### REQUIRED ACTION
Everything from the line containing "下周中资离岸债发行主体付息/到期一览表:碧桂园、腾讯控股等" to the last line of the listing below should be restated exactly, both ends included, with nothing added and the pictures omitted.
------
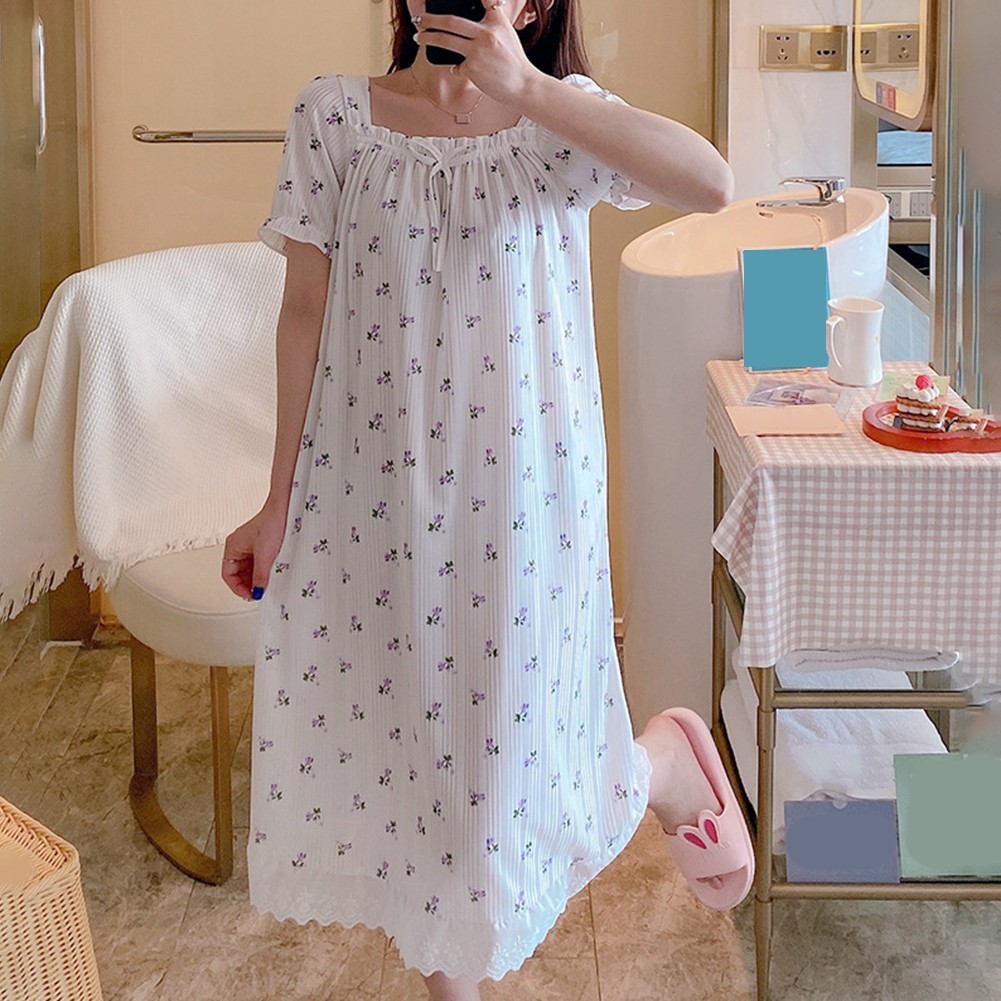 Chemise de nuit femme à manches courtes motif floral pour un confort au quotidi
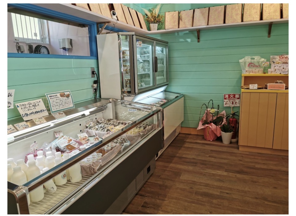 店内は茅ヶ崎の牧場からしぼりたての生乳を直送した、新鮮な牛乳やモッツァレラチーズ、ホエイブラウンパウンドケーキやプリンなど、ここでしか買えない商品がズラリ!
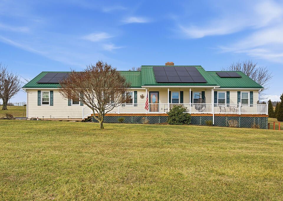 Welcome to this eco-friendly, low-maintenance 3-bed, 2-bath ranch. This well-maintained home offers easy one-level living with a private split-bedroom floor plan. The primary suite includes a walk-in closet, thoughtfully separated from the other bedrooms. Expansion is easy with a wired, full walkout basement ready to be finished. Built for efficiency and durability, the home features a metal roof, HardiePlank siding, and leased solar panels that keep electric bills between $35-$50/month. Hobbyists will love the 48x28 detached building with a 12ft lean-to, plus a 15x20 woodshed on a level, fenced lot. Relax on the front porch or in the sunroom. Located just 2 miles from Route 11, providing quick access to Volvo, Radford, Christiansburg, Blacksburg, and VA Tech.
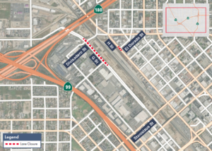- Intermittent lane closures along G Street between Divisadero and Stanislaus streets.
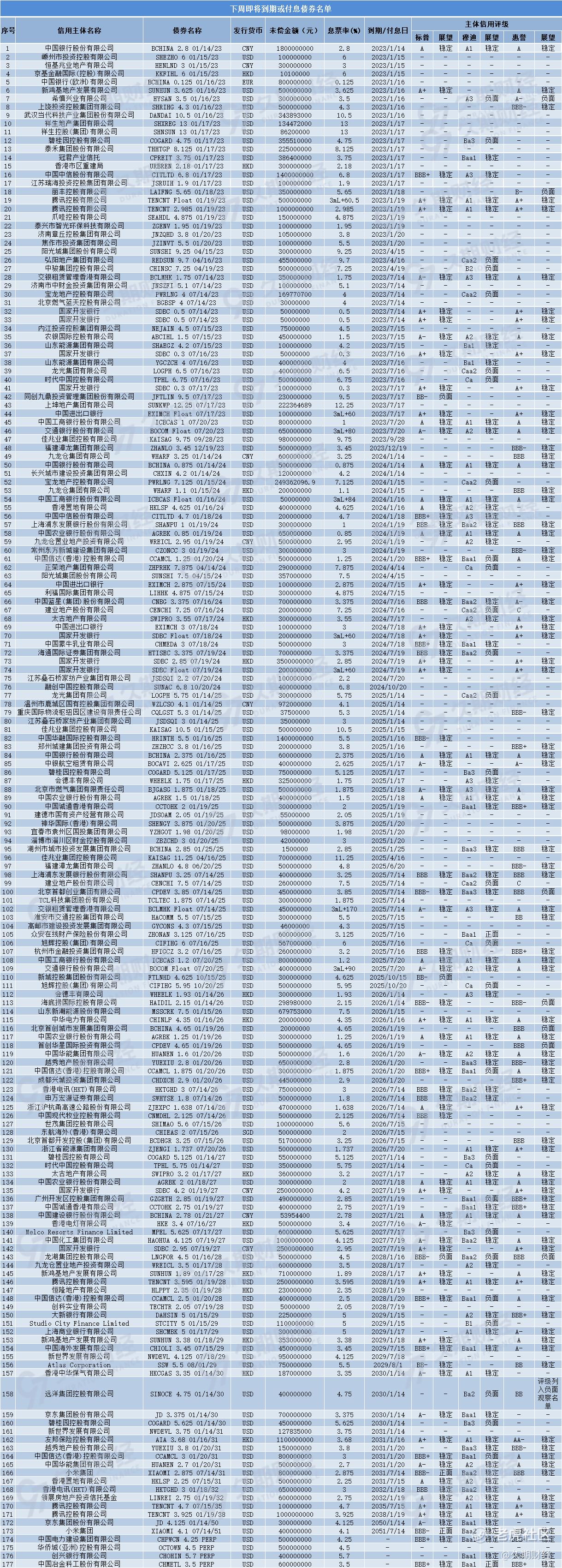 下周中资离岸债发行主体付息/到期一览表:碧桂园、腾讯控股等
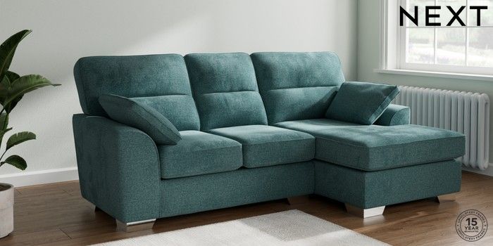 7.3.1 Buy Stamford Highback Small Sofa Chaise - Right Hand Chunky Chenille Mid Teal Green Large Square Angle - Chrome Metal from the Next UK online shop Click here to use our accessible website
------
### SOLUTION
 下周中资离岸债发行主体付息/到期一览表:碧桂园、腾讯控股等
 7.3.1 Buy Stamford Highback Small Sofa Chaise - Right Hand Chunky Chenille Mid Teal Green Large Square Angle - Chrome Metal from the Next UK online shop Click here to use our accessible website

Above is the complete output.